(WORK INSTRUCTIONS)
Lines from the one with "Young two friends" to the end of the material, both included: print them exactly and print nothing else. Omit the pictures.

(SOURCE MATERIAL)
((
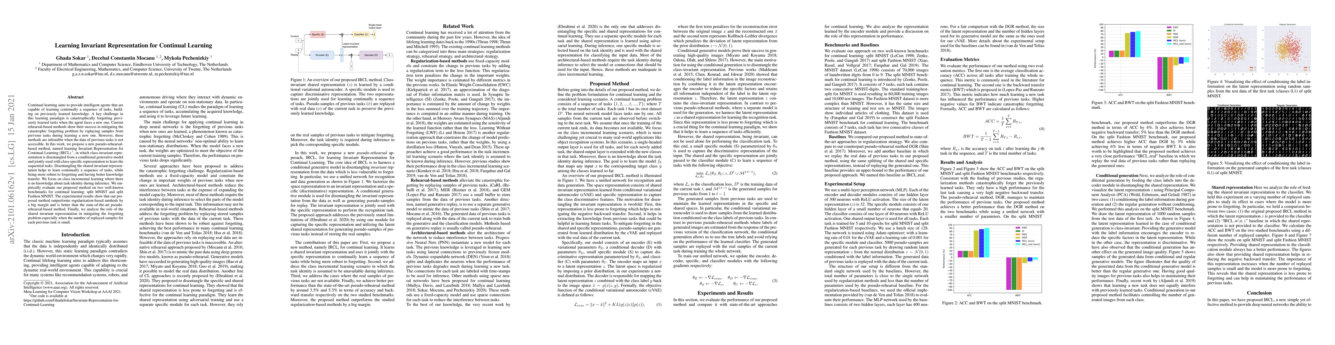 This paper proposes a pseudo-rehearsal-based method called IRCL to address the challenge of catastrophic forgetting in continual learning. It disentangles a class-invariant representation from a generative model to facilitate continual learning and improve knowledge transfer, outperforming existing methods on benchmarks.
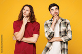Young two friends buddies men they wearing casual clothes together put hand prop up on chin, lost in thought and conjectures isolated on plain yellow orange color background studio. Lifestyle concept.
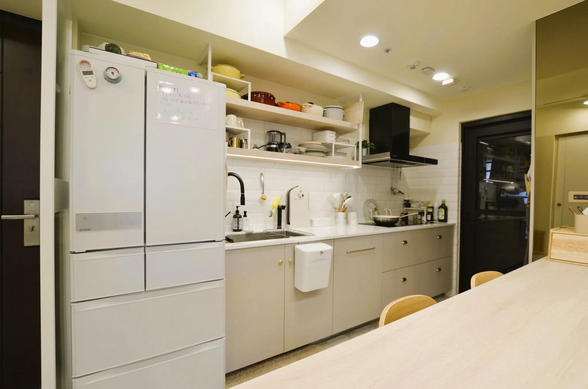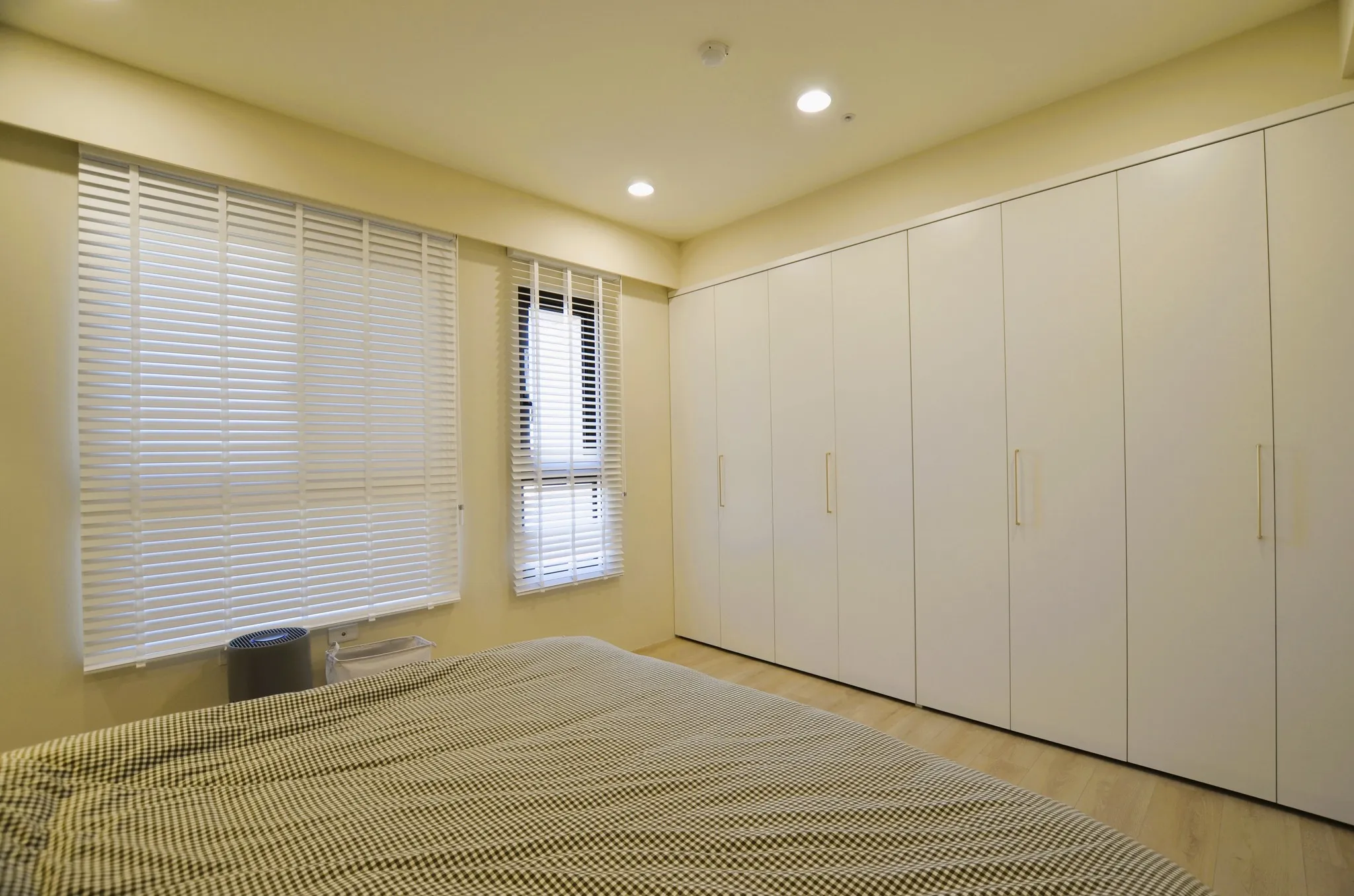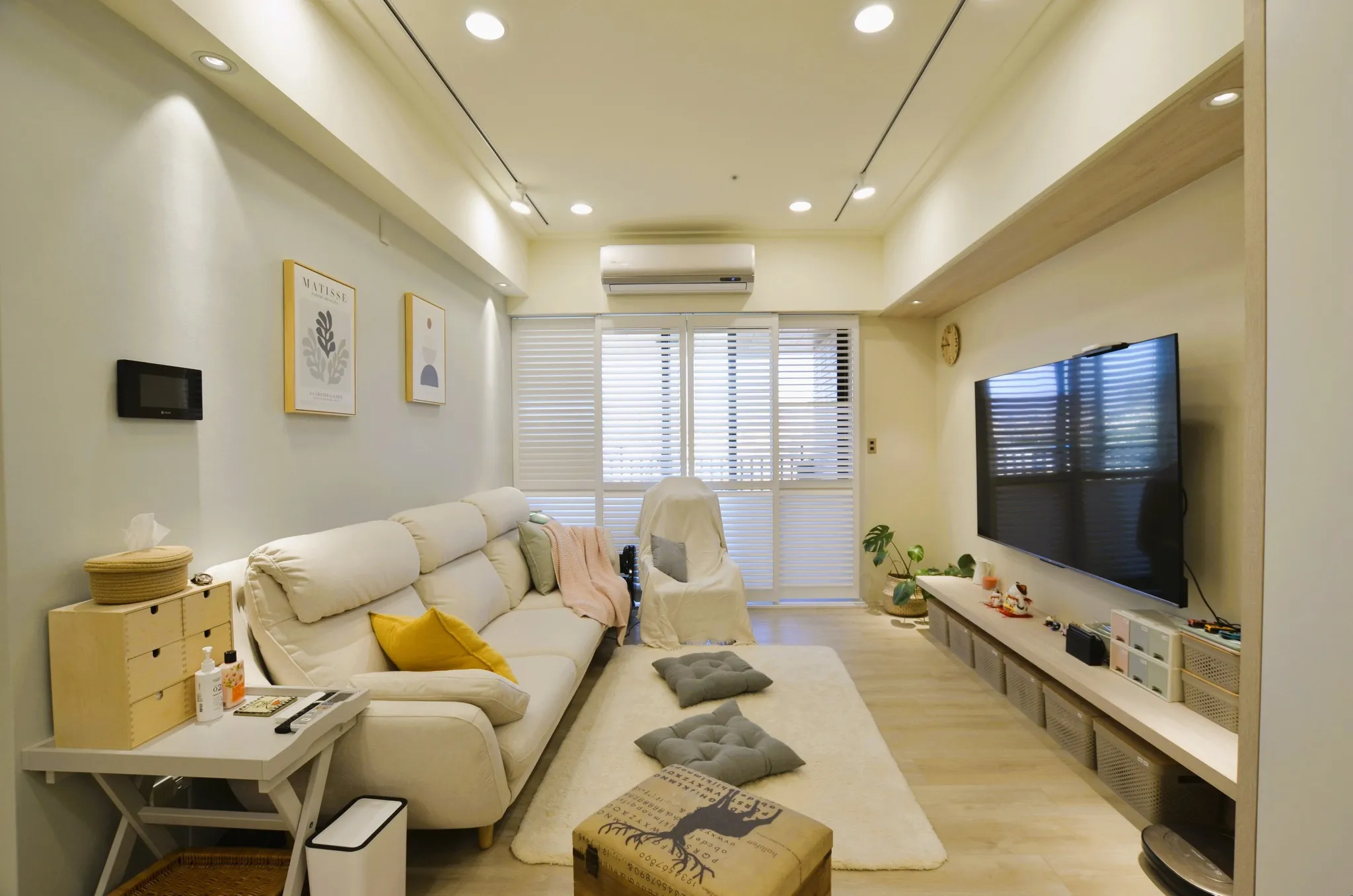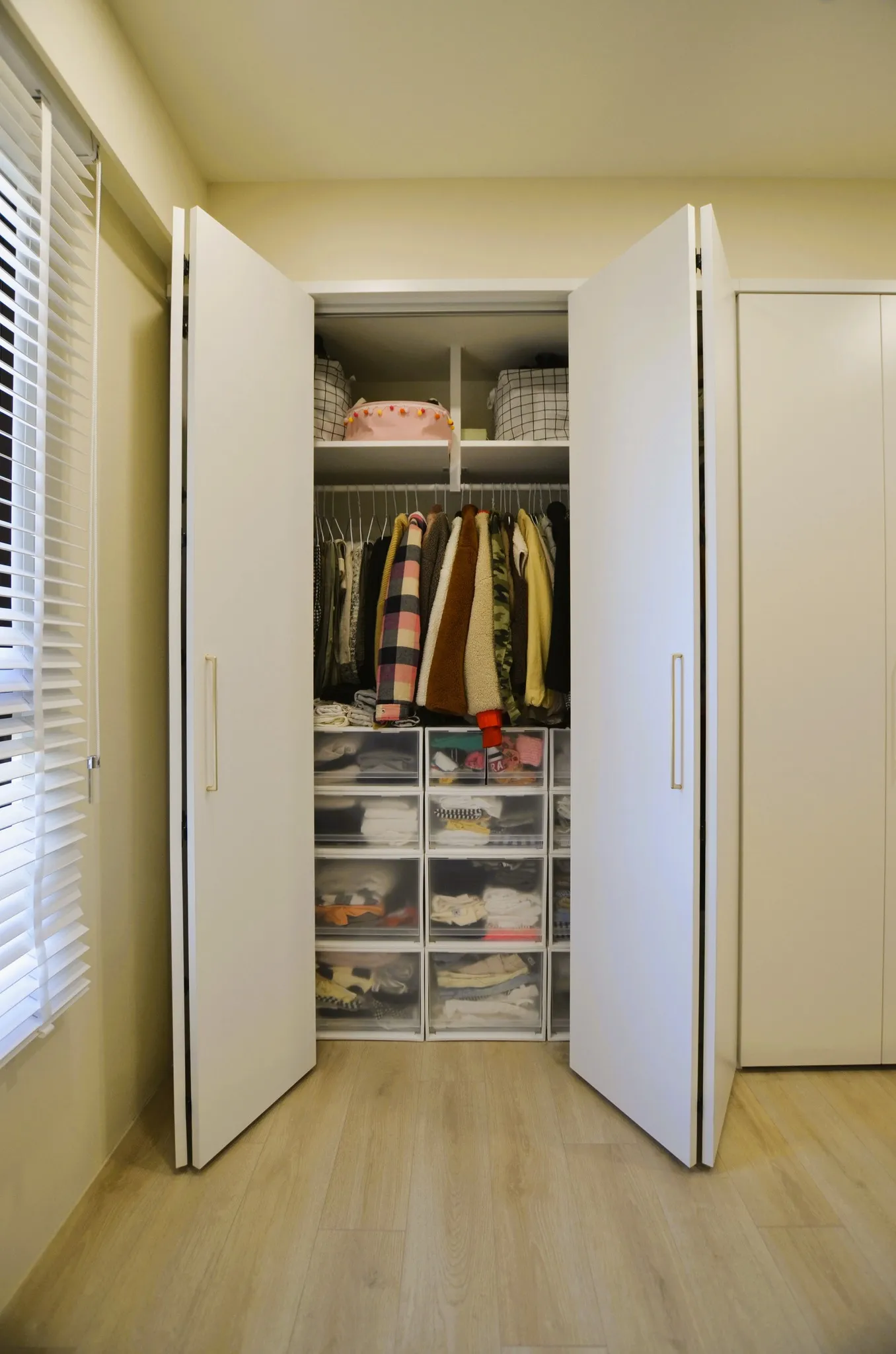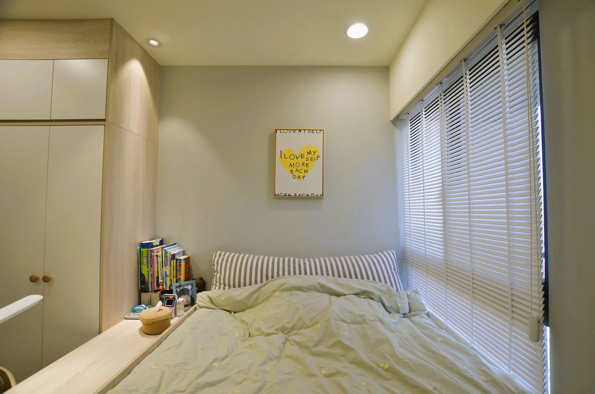 低彩度的奶油糖果色和木色, 加上業主挑選的壁布及家飾妝點, 不僅有造型還兼具大量收納的功能, 最適合一家四口的溫馨宅
))
(ANSWER)
Young two friends buddies men they wearing casual clothes together put hand prop up on chin, lost in thought and conjectures isolated on plain yellow orange color background studio. Lifestyle concept.
 低彩度的奶油糖果色和木色, 加上業主挑選的壁布及家飾妝點, 不僅有造型還兼具大量收納的功能, 最適合一家四口的溫馨宅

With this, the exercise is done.